╭─ Entries shown
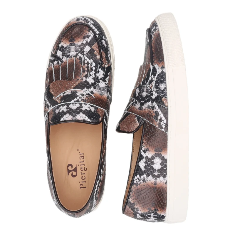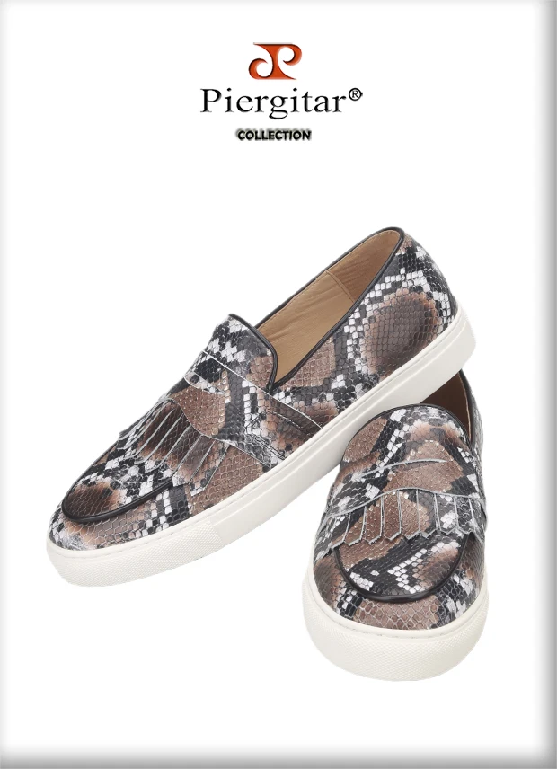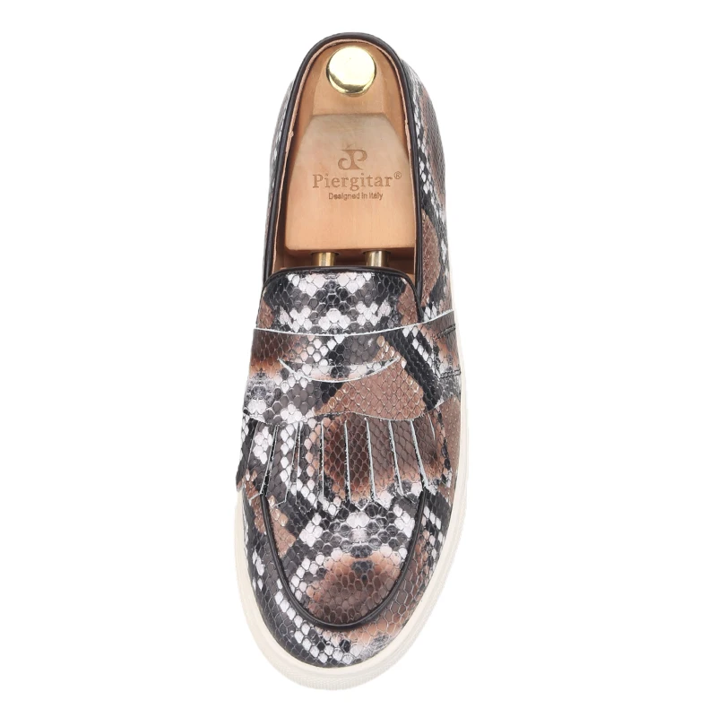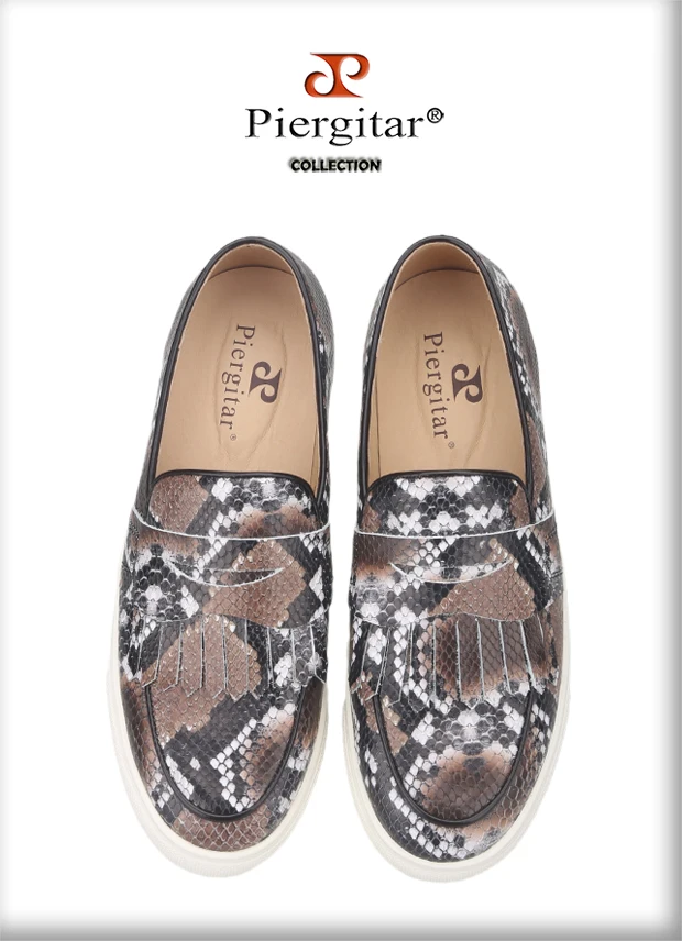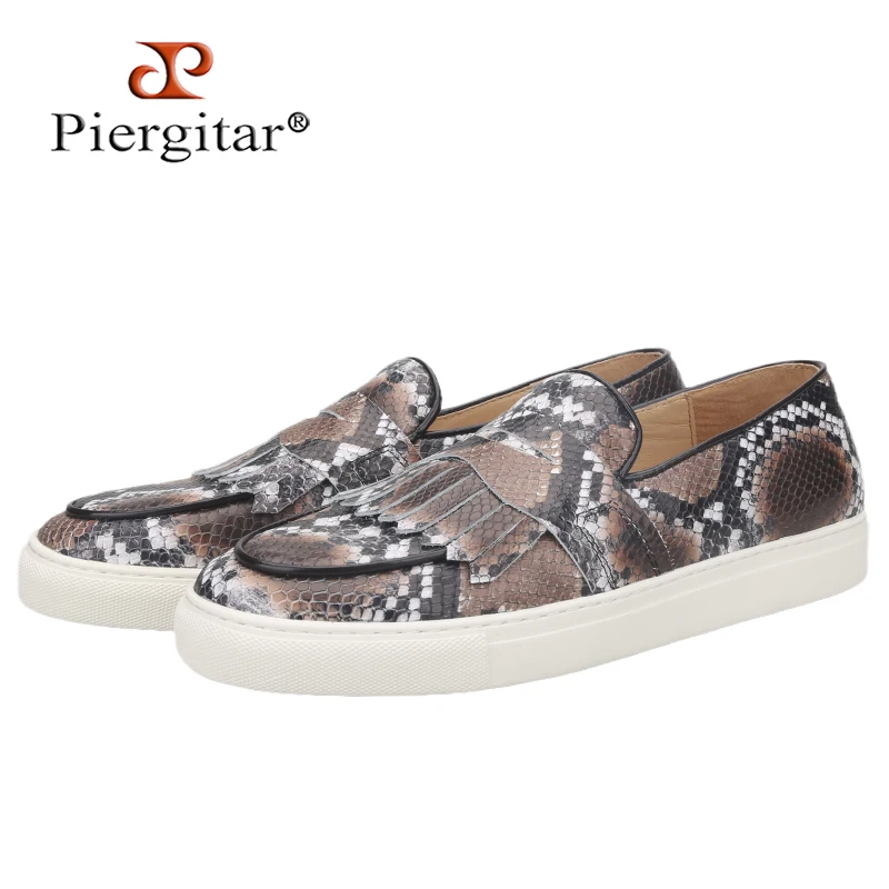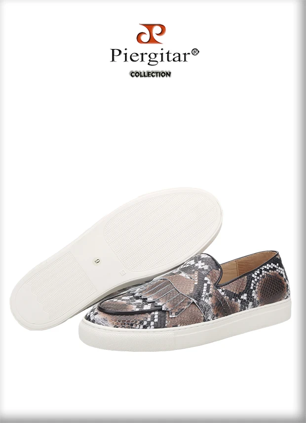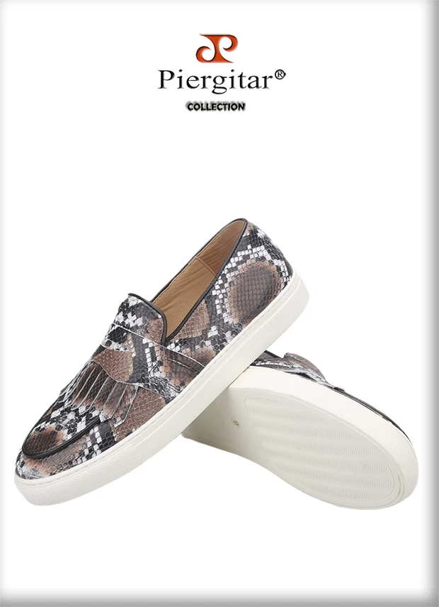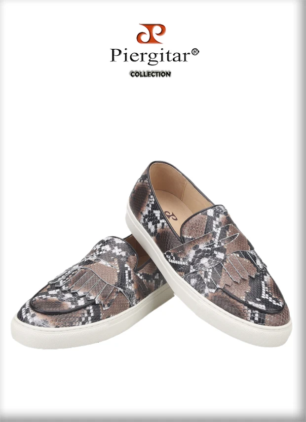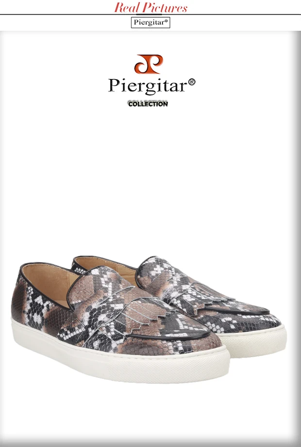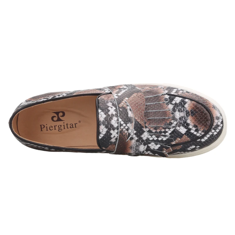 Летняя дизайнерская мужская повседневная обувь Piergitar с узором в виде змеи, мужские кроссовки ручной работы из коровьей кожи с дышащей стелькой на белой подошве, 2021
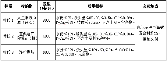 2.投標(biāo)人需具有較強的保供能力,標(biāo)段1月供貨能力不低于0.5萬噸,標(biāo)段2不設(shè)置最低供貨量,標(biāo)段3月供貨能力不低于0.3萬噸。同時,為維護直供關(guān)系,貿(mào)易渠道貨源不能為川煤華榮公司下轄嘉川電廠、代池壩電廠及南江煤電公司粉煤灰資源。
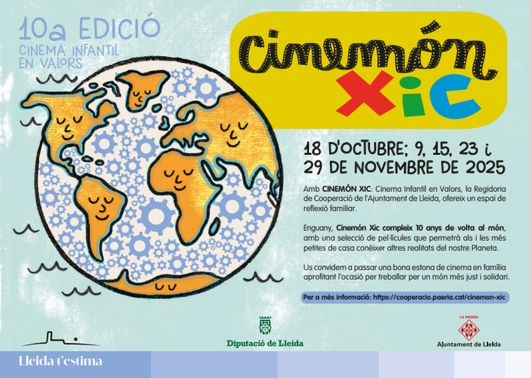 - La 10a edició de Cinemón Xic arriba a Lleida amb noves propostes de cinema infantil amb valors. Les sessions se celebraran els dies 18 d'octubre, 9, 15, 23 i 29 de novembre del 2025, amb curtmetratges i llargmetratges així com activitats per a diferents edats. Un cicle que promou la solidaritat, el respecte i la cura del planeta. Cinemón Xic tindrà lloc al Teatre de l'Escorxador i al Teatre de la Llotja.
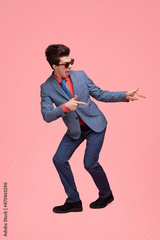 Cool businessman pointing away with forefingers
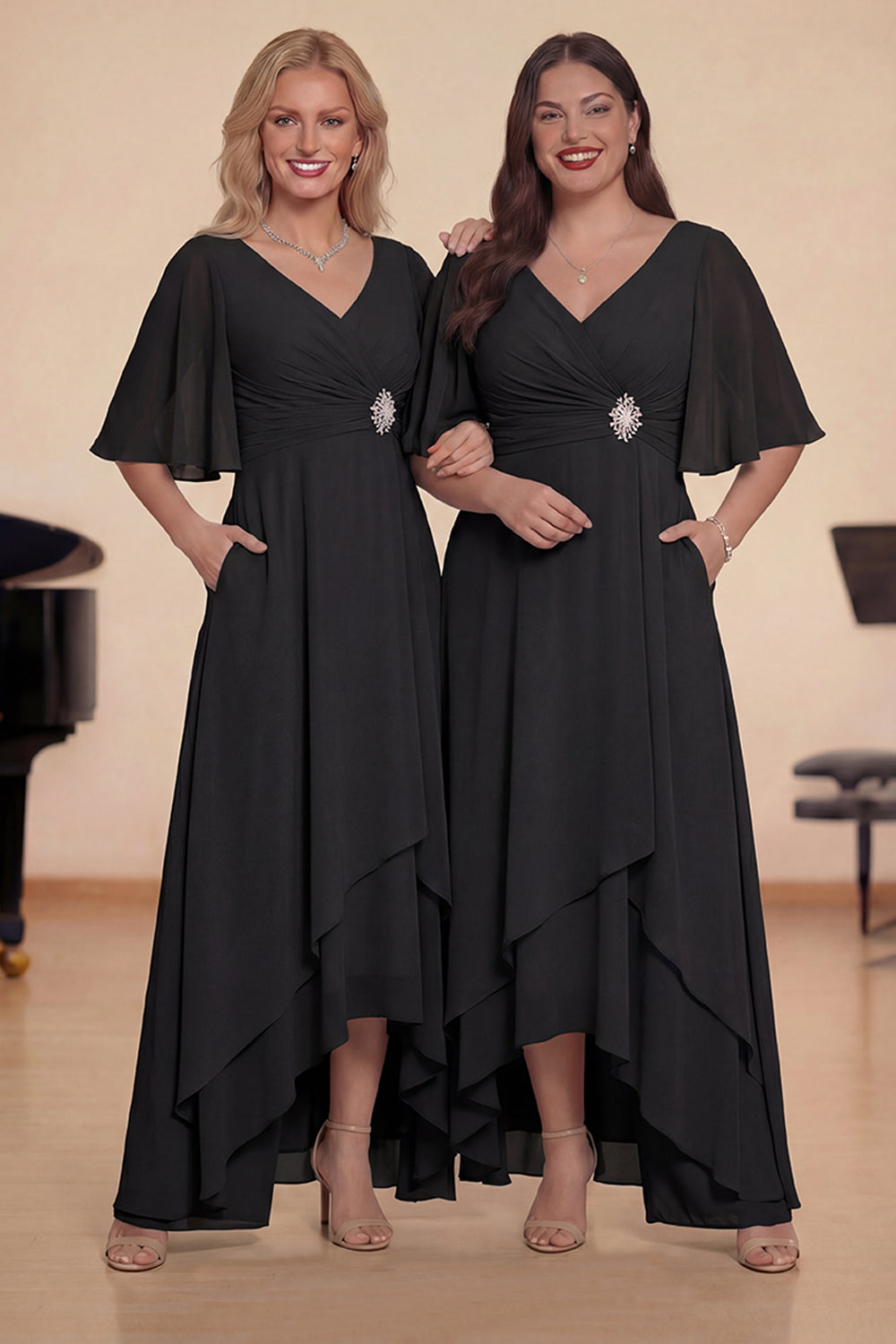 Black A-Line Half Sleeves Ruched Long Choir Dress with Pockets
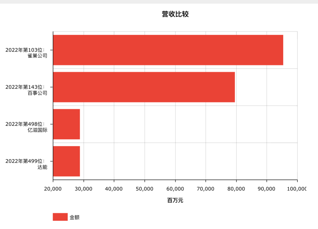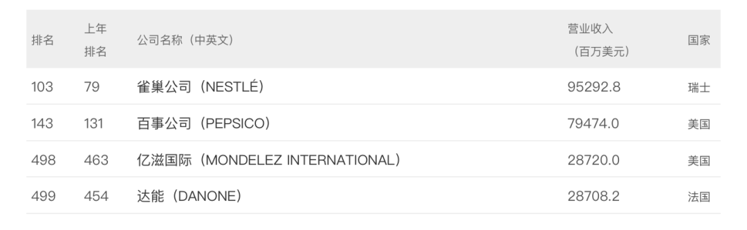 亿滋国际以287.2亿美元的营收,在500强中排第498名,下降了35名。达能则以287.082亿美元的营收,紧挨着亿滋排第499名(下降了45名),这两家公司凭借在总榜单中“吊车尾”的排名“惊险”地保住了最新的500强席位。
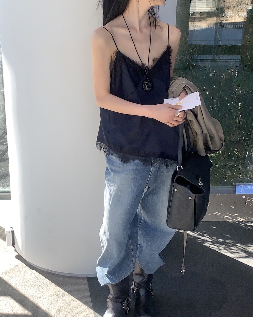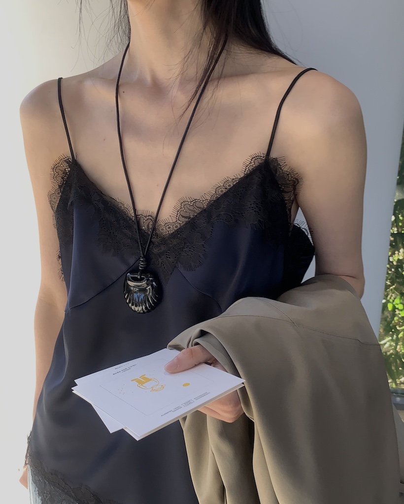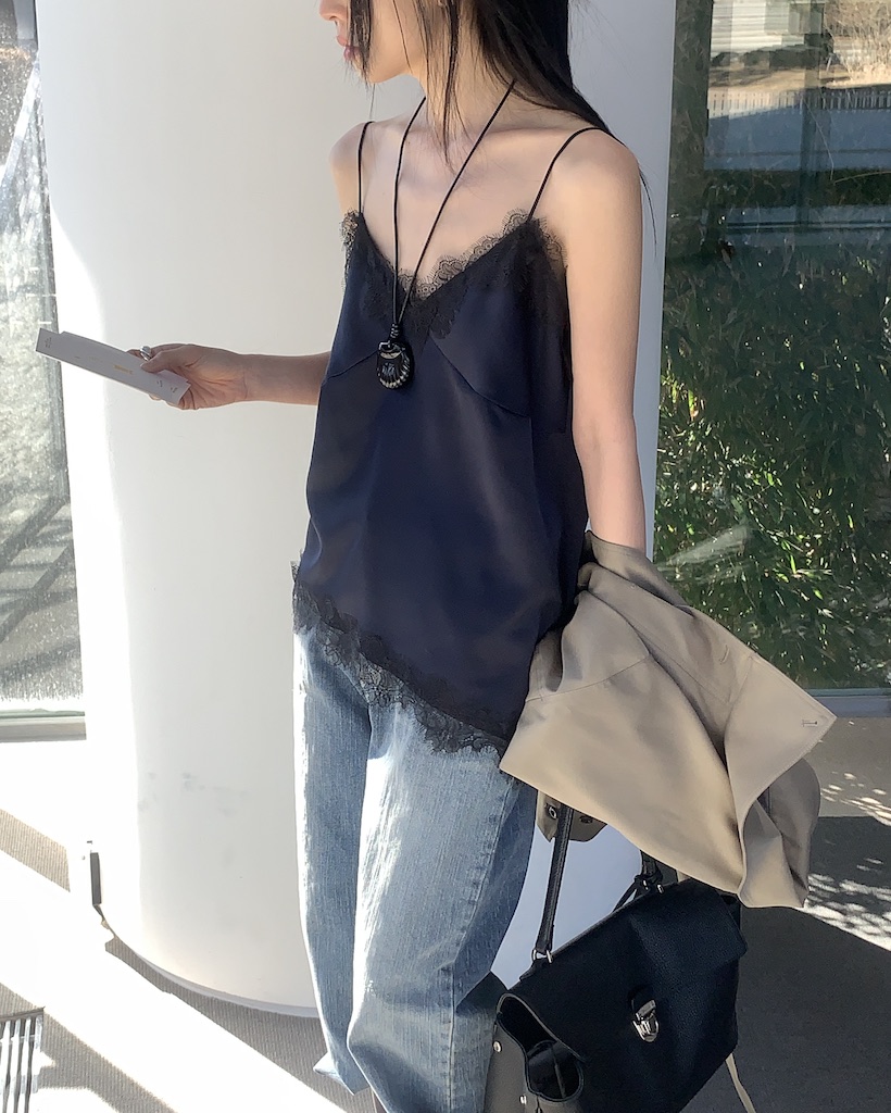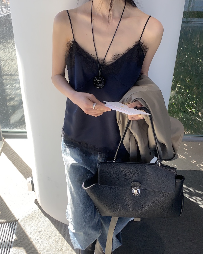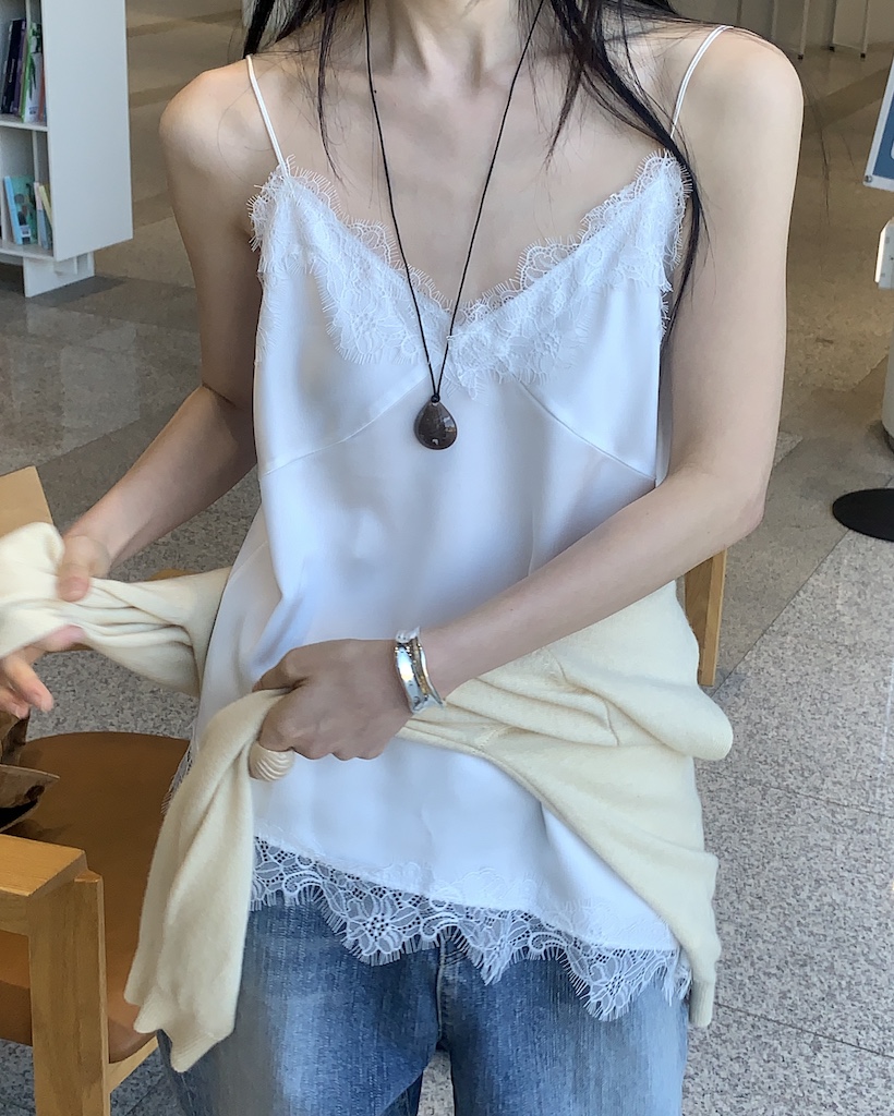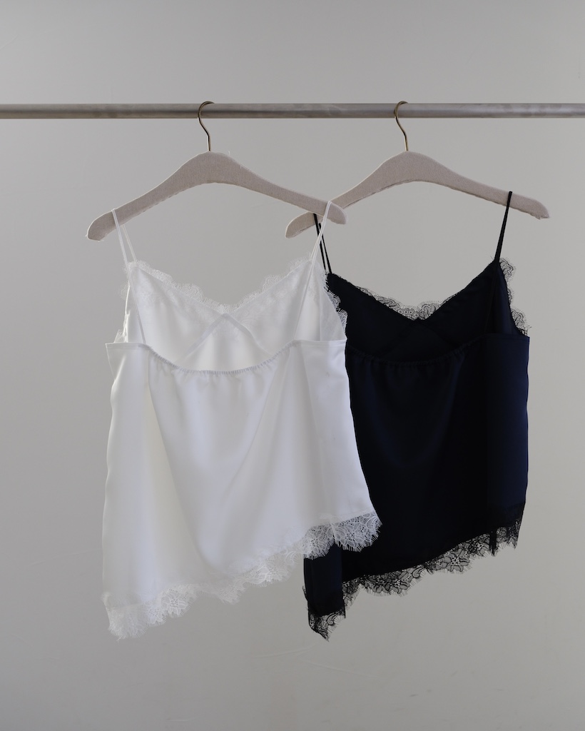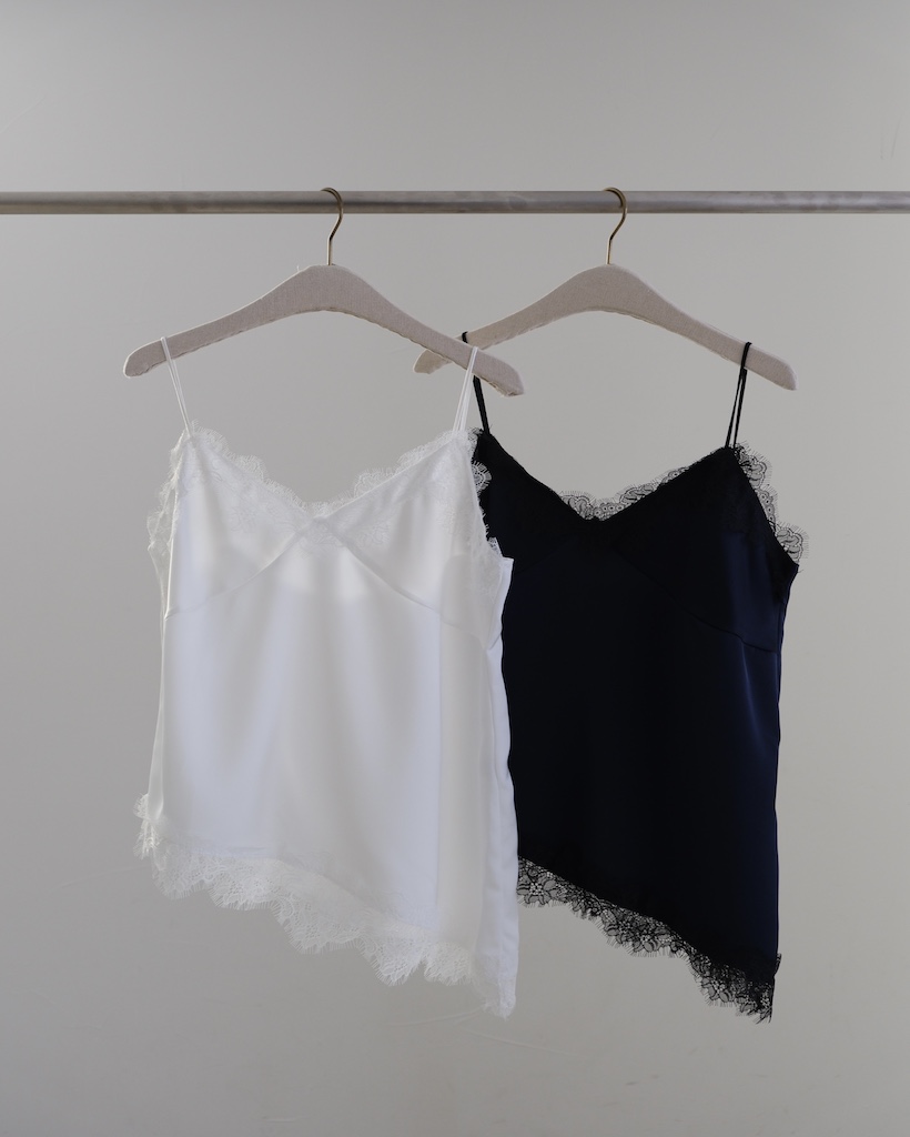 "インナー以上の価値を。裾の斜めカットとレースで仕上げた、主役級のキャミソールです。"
╰─
• _Task requirements_
Give the entries again, exactly and in full, with no image included.

• _Response_
 Летняя дизайнерская мужская повседневная обувь Piergitar с узором в виде змеи, мужские кроссовки ручной работы из коровьей кожи с дышащей стелькой на белой подошве, 2021
 2.投標(biāo)人需具有較強的保供能力,標(biāo)段1月供貨能力不低于0.5萬噸,標(biāo)段2不設(shè)置最低供貨量,標(biāo)段3月供貨能力不低于0.3萬噸。同時,為維護直供關(guān)系,貿(mào)易渠道貨源不能為川煤華榮公司下轄嘉川電廠、代池壩電廠及南江煤電公司粉煤灰資源。
 - La 10a edició de Cinemón Xic arriba a Lleida amb noves propostes de cinema infantil amb valors. Les sessions se celebraran els dies 18 d'octubre, 9, 15, 23 i 29 de novembre del 2025, amb curtmetratges i llargmetratges així com activitats per a diferents edats. Un cicle que promou la solidaritat, el respecte i la cura del planeta. Cinemón Xic tindrà lloc al Teatre de l'Escorxador i al Teatre de la Llotja.
 Cool businessman pointing away with forefingers
 Black A-Line Half Sleeves Ruched Long Choir Dress with Pockets
 亿滋国际以287.2亿美元的营收,在500强中排第498名,下降了35名。达能则以287.082亿美元的营收,紧挨着亿滋排第499名(下降了45名),这两家公司凭借在总榜单中“吊车尾”的排名“惊险”地保住了最新的500强席位。
 "インナー以上の価値を。裾の斜めカットとレースで仕上げた、主役級のキャミソールです。"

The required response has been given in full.